I'm not sure if it's the most expensive out there, but it definitely isn't cheap. I think Stella & Chewy's freeze dried raw is more expensive...just one that I've seen anyway. I've been feeding mine Ziwi Peak for over a year now...they get some Ziwi Peak & some of their homecooked recipe at each meal. They had a blood chem panel done recently and everything looked great so it must be working okay. Mine love the Ziwi Peak too


----------



## manning (Aug 11, 2008)

*Manning loves it!*

Manning and I are HUGE ziwipeak fans... he's been on it all his life and i have no complaints just praise- he has NEVER had a tear stain issue-EVER (not 100% sure the ziwipeak deserves the credit, but I think so 

I find the price to be worth it- I figure I am saving hundreds of dollars from vet bills that he won't need because of the quality of this food- it balances out. PLUS their small bag lasts a little over a month for my 6 pounder- I figure a dollar a day ain't too shabby.

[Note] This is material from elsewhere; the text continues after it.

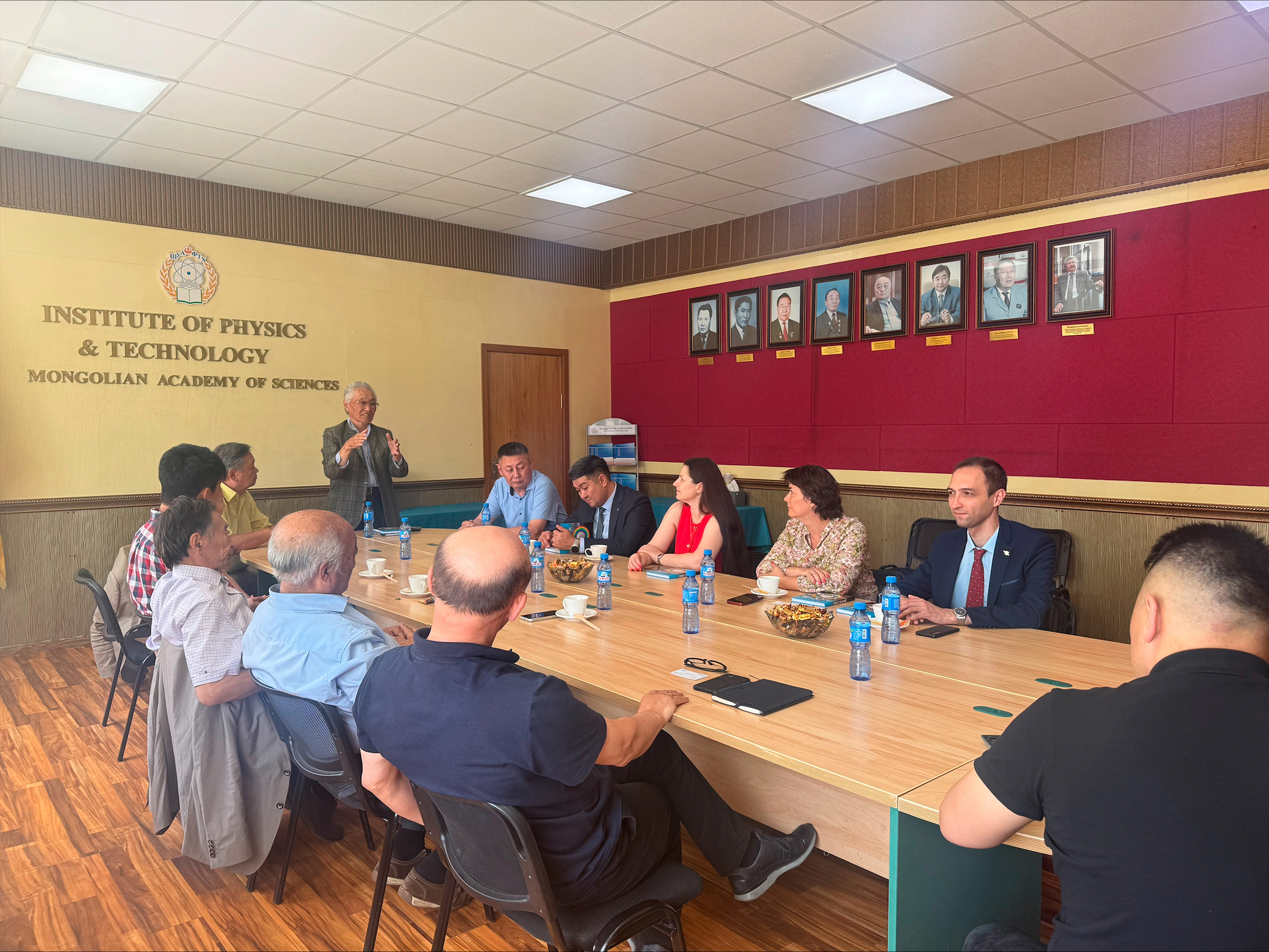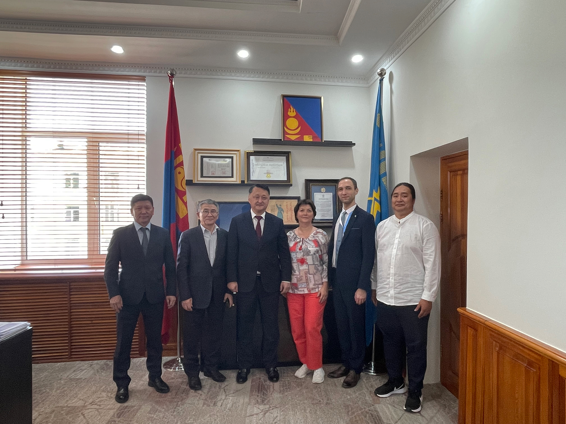 The Institute’s scientists held an official meeting with the leadership of the National University of Mongolia, headed by Rector Bayanjargal Ochirkhuyag. President of the Mongolian Academy of Sciences Sodnomsambuu Demberel welcomed the delegation as well. Former JINR employees, Academicians Sodnom Enkhbat, Khavtgai Namsrai, and Deleg Sangaa attended the meeting. The JINR delegation visited the Institute of Physics and Technology and the Institute of Mathematics and Digital Technology of the Mongolian Academy of Sciences.
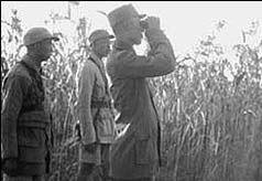 1942年日军五万余人对我根据地进行“拉网大扫荡”。这是冀中军区司令员吕正操在前线观察。

Their website has A LOT of great information... like the food fundamentals http://www.ziwipeak.com/pdfs/2651_Food_Fundamentals.pdf

Hope your pup loves it as much as mine does!
:}


----------



## dex'smom (Jan 11, 2009)

i add a bit of ziwi peak into dexs wellsness. he loooves it


----------



## tamizami (May 1, 2007)

lol, i found a dog food even MORE expensive than S&C, paw naturaw organic grassfed bison (dehydrated). but my dogs absolutely LOVE it. they also like the ziwi peak, but i pretty much just use that for training treats.


----------